Нет сомнения, что Горький — громадный художественный талант, который принес и принесет много пользы всемирному пролетарскому движению.
Но зачем же Горькому браться за политику?
На мой взгляд, письмо Горького выражает чрезвычайно распространенные предрассудки не только мелкой буржуазии, но и части находящихся под ее влиянием рабочих. Все силы нашей партии, все усилия сознательных рабочих должны быть направлены на упорную, настойчивую, всестороннюю борьбу с этими предрассудками.

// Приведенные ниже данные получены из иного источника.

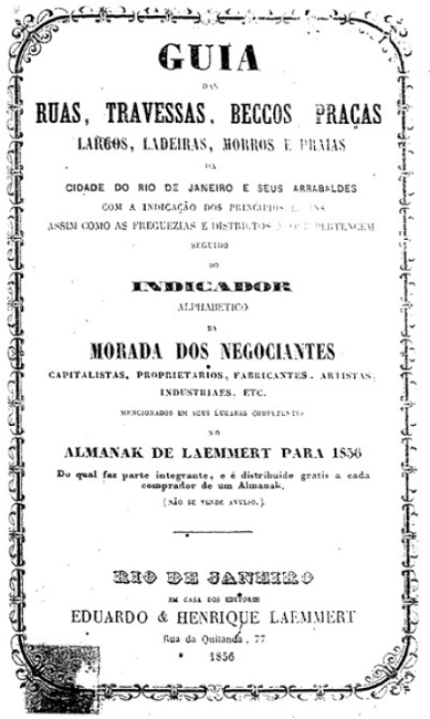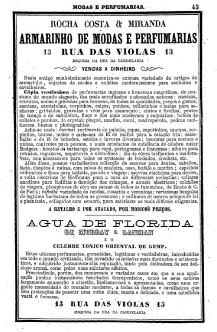 No ano seguinte, os irmãos Eduardo e Henrique Laemmert - editores da publicação - percebem o potencial comercial do Almanaque e começam a publicar a sessão Notabilidade, com anúncios e propagandas. A primeira propaganda é do consultório médico do dr. Manoel Pereira da Cunha Novaes. A seção médica será fixa até o fim do século, provavelmente fazendo muito sucesso. Aparecem propagandas do chocolate Vichy para indigestão, do professor de piano Achille Arnaud, da ótica de José Maria dos Reis. Nas primeiras propagandas voltadas às mulheres estão a dos armarinhos que listam tudo o que se podia encontrar na loja como o estabelecimento de Monteiro & Coelho, na rua da Quitanda n. 66, que possuía: objetos para bordar, lãs, sedas, frocos, talagarças, torçal, desenhos, linhas, caixas, galões, botões e todos os artigos destinados a modistas e costureiras.47 O Almanaque Laemmert refletia o que acontecia no próprio comércio, com a crescente especialização e diversificação de lojas e produtos. Ao longo do século XIX, o Rio de Janeiro “europeizava-se”, o que certamente incluía a adoção de costumes diferentes e o nascimento de uma sociabilidade baseada em festas e salões, em visitas e idas a estâncias climáticas como Petrópolis.

Царское правительство начало и вело данную, настоящую, войну как империалистскую, грабительскую, разбойничью войну, чтобы грабить и душить слабые народы. Правительство Гучковых и Милюковых есть помещичье и капиталистическое правительство, которое вынуждено продолжать и хочет продолжать именно такую самую войну. Обращаться к этому правительству с предложением заключить демократический мир — все равно, что обращаться к содержателям публичных домов с проповедью добродетели».
Далее он излагает собственный вариант прекращения войны. Первое, что сделали бы Советы рабочих депутатов, приди они к власти, это предложили бы тотчас заключить перемирие между всеми воюющими странами. Ленин формулирует и условия заключения мира, которые скорее всего были бы невыполнимы и диктовались только его собственными политическими соображениями. Ленин выдвигал как непременные требования, например, такие: освобождение колоний; свержение без промедления буржуазных правительств, поскольку ничего хорошего ожидать от этих правительств не приходилось; опубликование тайных договоров; аннулирование военных долгов.
Дух захватывает, когда читаешь эти строки. Ну и масштабы, ну и размах! Мало того, что должна быть закончена война и установлен мир; Ленину этого мало. Перешагивая границы возможного, он идет дальше, к немедленному освобождению колоний и свержению всех существующих правительств. В лихорадочном мозгу Ленина политические процессы, которые обычно развиваются в течение десятилетий, даже веков, должны состояться: за какие-то две-три недели.
Отчетливо нигилистический характер ленинских воззрений еще никогда так ярко не проявлялся, как в этом четвертом «Письме из далека». В нем всего в нескольких строках он набрасывает план мировой революции, при этом не делая никаких попыток его осмыслить, взвесить все «за» и «против», попытаться разобраться в его последствиях. Он раздает приказы, как командующий парадом на прусском плацу. А между тем эти приказы могут иметь печальные последствия, и не только для России. Будет сотрясаться весь мир. Но все уже решено, причем бесповоротно. Итак, сначала Советы рабочих депутатов возьмут власть; с войной будет покончено; свершится мировая революция. Из всего этого следовало, что за прошедшие пятнадцать лет его теория революции ничуть не изменилась. Он остался ей верен. Вот что он тогда писал: «История поставила перед нами ближайшую задачу, которая является наиболее революционной из всех ближайших задач пролетариата какой бы то ни было другой страны. Осуществление этой задачи… сделало бы русский пролетариат авангардом международного революционного пролетариата».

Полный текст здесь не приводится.